It's not all that objective. In the end he gives his SUBJECTIVE opinion of the source code and claims facts that are just opinions. That is not "objective." For instance he says, "a disassembly of the Rybka 2.3.2a evaluation function will show much of it to be still quite Fruit-like in its framework ..." Is that actually a fact or is it his subjective impression? Are you taking his word for it or are you checking for yourself?

I also used highly subjective language in what he was quoting from me, but you will notice that I did not present it as factual like he did. I said things like "I believe" and "it looks to me like .." in other words I am admitting a subjective viewpoint.

One must be very careful when blindingly accepting the analysis of others that you cannot or are not willing to check for yourself.

That is why I am presenting you with a concrete tool that YOU can check out for yourself and draw your own conclusions, I am trying to put the power in YOUR hands instead of just something you can read about.

Don, I was stating nothing more than I found some points for BB very interesting. As you can see that people on this forum are often fanatical about there beliefs. On the contrast BB seems to always remain objective and logical.

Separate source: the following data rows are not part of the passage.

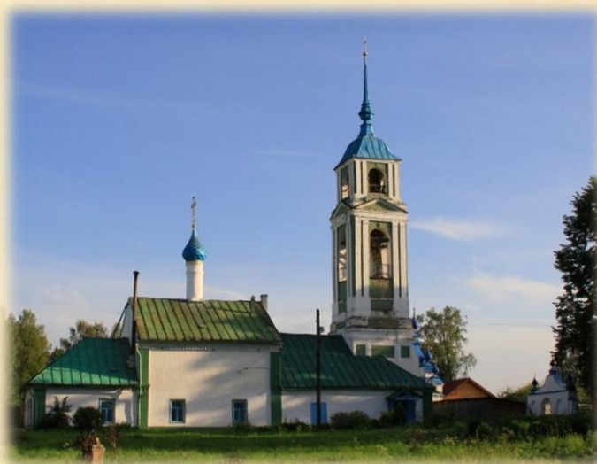
Церковь Спаса Всемилоостивого
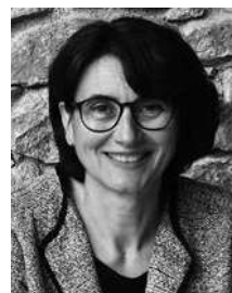
Olivier KLEIN Ministre délégué de la Ville et du Logement
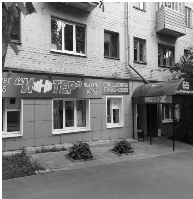
на ул. Луначарского, 65

Ногтевая студия (предприятие бытового обслуживания, в котором применяются легковоспламеняющиеся вещества)

However, others may surmise your software "clone detector" is nothing more than a clever ploy to re-activate the zealots. Thus starting the witch hunt of the bastard children once again. Already we saw a few ready to burn the fires. I won't mention any names.

Although, I am always puzzled at your obvious campaign against Houndini and family. It stinks of envy, and jealously, and this cannot be the case. Correct?

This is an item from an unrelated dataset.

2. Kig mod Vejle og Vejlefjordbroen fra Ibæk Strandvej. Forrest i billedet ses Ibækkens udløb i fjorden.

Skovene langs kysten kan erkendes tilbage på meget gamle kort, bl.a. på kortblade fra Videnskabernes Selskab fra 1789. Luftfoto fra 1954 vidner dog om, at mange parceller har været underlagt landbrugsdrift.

I think you have stated ( not verbatim) that you are not impressed that someone takes an already very strong source code and makes a super strong engine. Fair enough! But, some evidence suggests this is what Vas did with Rybka 1.0, it then evolved into Rybka 2.0- 3.0- 4.0. So why not witch hunt Vas ?

Roubert Houdart released something stronger than Rybka 4.0 with very few, if any bugs. If that was so easy, why has Vas not done it for us
paying customers ?

Ant_Gugdin · Post by **Ant_Gugdin** » Mon Dec 27, 2010 9:45 pm

Don't know if anyone's posted comparisons with Houdini 1.03a before...

------ Houdini 1.03a x64 1_CPU (time: 100 ms) ------
72.85 RobboLito 0.084 (time: 100 ms)
72.80 RobboLito 0.085g3 x64 (time: 100 ms)
71.75 Houdini 1.5 x64 (time: 100 ms)

------ Houdini 1.5 x64 (time: 100 ms) ------
71.75 Houdini 1.03a x64 1_CPU (time: 100ms)
68.45 RobboLito 0.085g3 x64 (time: 100 ms)
67.30 RobboLito 0.084 (time: 100 ms)

Whatever caveats Don attaches to his program, people are going to use it to test/judge how original engines are. Before this, I had believed that Robert Houdart's use of the Ippolit/ Robbolito source code wasn't any "worse" than Vas' use of the Fruit source code. However, the similarity detector appears to show that Vas' use of the Fruit source code was less extensive than Robert's use of the Robbolito source code. Assuming that Robbolito is a Rybka 3 derivative, perhaps there is some justification for treating Rybka as legitimate and Houdini as illegitimate? (I'm not in any way, shape or form a Rybka fanboy.)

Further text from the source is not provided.